It is easy to focus only on the employment-related aspects of industrial action, but what about the immigration issues? This article sets out what and when sponsors need to report if sponsored workers are engaging in industrial action. As a general update, we have also flagged the new requirement for sponsors to add their company registration numbers and the national insurance numbers of all key personnel on the Sponsor Management System.

Sponsor licence reporting obligations

Depending on the circumstances, employers who sponsor migrants under a sponsor licence may be under certain reporting obligations if sponsored workers engage in industrial action. If there is an obligation to report, a Level 1 User on the sponsor's Sponsor Management System (SMS) must make the report no later than 10 working days after the relevant change or event.
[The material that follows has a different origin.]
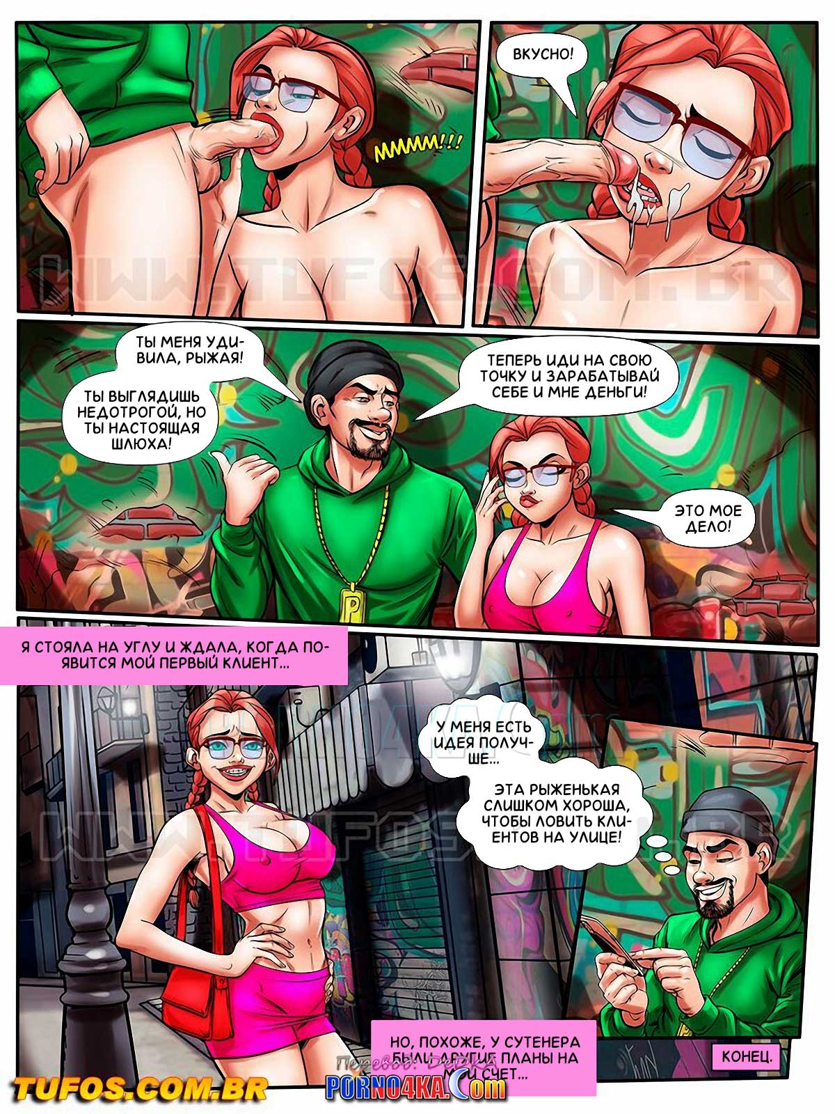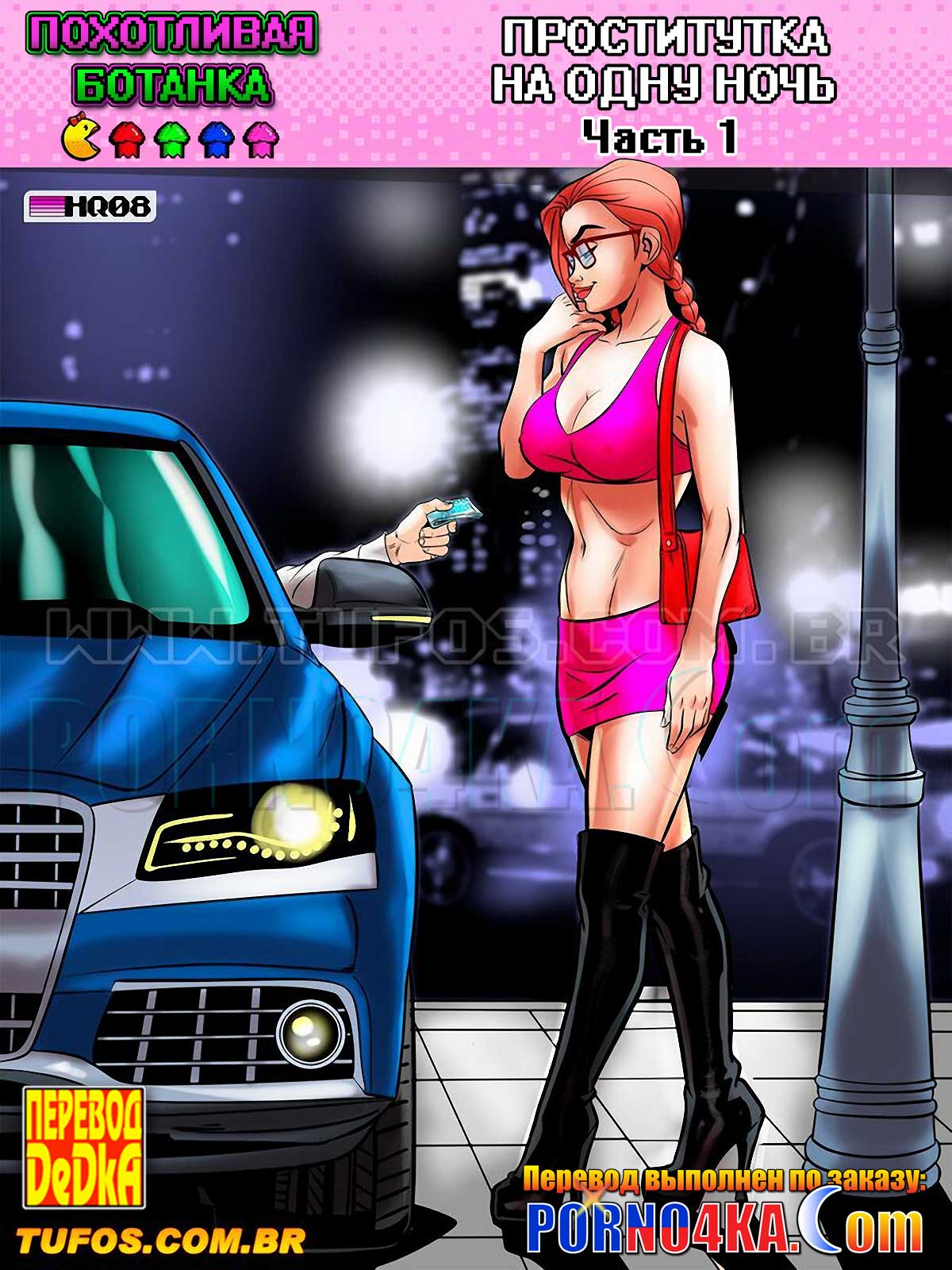 Порно комикс Похотливая ботанка. Часть 8: Проститутка на одну ночь. A Nerd Ninfomanca. Tufos Эмма решила попробовать коечто новое для себя, поэтому она оделась, как шлюха и отправилась в переулок, где водятся проститутки. Там она встретилась с сутенером, которые решил протестировать ее услуги…

Once a report is made, the Home Office will consider whether further action is required.

Unauthorised absences

A sponsor must report if a sponsored worker is absent from work without their permission for more than 10 consecutive working days.  This would include any absences due to industrial action.  Our interpretation of the relevant guidance is that "consecutive working days" means consecutive days on which a worker was scheduled to work.  So if a worker works on a shift pattern basis, their 10 consecutive working days' absence continues to accrue even if there are authorised non-working days in between.

Absences without pay or on reduced pay

The general rule is that a sponsor must stop sponsoring a sponsored worker if they will be, or have been, absent from work without pay or on reduced pay for more than 4 weeks in total in any calendar year.  This applies both where a sponsored worker is absent from work for a continuous period of more than 4 weeks, as well as if they have a number of shorter absences which total more than 4 weeks in aggregate. The 4 weeks is calculated based on the sponsored worker's normal working pattern. 
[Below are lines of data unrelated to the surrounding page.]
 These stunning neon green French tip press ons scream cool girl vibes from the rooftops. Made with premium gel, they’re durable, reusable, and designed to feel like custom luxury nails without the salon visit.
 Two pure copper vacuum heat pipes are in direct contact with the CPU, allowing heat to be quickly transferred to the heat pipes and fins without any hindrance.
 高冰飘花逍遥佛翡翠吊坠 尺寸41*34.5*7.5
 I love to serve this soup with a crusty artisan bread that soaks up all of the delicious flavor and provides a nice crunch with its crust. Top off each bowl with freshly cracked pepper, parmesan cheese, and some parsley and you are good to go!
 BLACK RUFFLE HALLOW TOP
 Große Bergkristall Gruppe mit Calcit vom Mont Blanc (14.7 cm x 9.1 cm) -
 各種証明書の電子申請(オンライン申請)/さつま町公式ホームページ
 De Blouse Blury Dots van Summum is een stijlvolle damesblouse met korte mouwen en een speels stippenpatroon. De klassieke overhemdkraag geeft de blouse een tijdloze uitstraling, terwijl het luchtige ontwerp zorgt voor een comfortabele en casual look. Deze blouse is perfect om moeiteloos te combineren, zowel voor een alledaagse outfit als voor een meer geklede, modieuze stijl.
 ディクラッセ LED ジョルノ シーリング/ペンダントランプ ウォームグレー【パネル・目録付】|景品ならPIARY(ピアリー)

However, taking part in legally organised industrial action is considered a valid exception to the general rule.  This means that there would be no requirement to stop sponsoring a worker if the reason for the absence is lawful industrial action, but a sponsor is still required to report it on the SMS.  It is therefore very important to consider whether the industrial action in which the sponsored worker is or had been participating was lawful (for example, whether the union held a properly organised ballot and gave the correct notice for balloting members).

Where a sponsor ceases to sponsor a worker, the Home Office will issue the worker with a curtailment notice and the worker will be given 60 days to make an application to vary their leave (e.g. switch to another visa route, if they are eligible) or change their sponsor employer in the UK.  To mitigate against an Employment Tribunal claim in relation to a worker's dismissal, the sponsor employer should also follow a fair process in relation to the worker's dismissal.  

Where an employee is dismissed because a sponsor cannot continue to sponsor them, this would likely be a potentially fair reason for dismissal (namely, illegality).  This is because their continued employment would be in breach of immigration legislation.  However, an employee's dismissal could still be procedurally unfair if a sponsor failed to carry out a fair process before they were dismissed.

Sponsors required to provide further information on the SMS

From 8 October 2023, the Home Office has required sponsors to include the following information on the SMS:

  • the national insurance numbers of the Authorising Officer and Key Contact; and
  • the sponsor's Companies House reference number.

The Home Office has advised sponsors to update this information at their "earliest convenience". Sponsors will be required to include the national insurance numbers of their Authorising Officer and Key Contact when they are replaced and for new Level 1 Users when they are added. These updates should be applied immediately.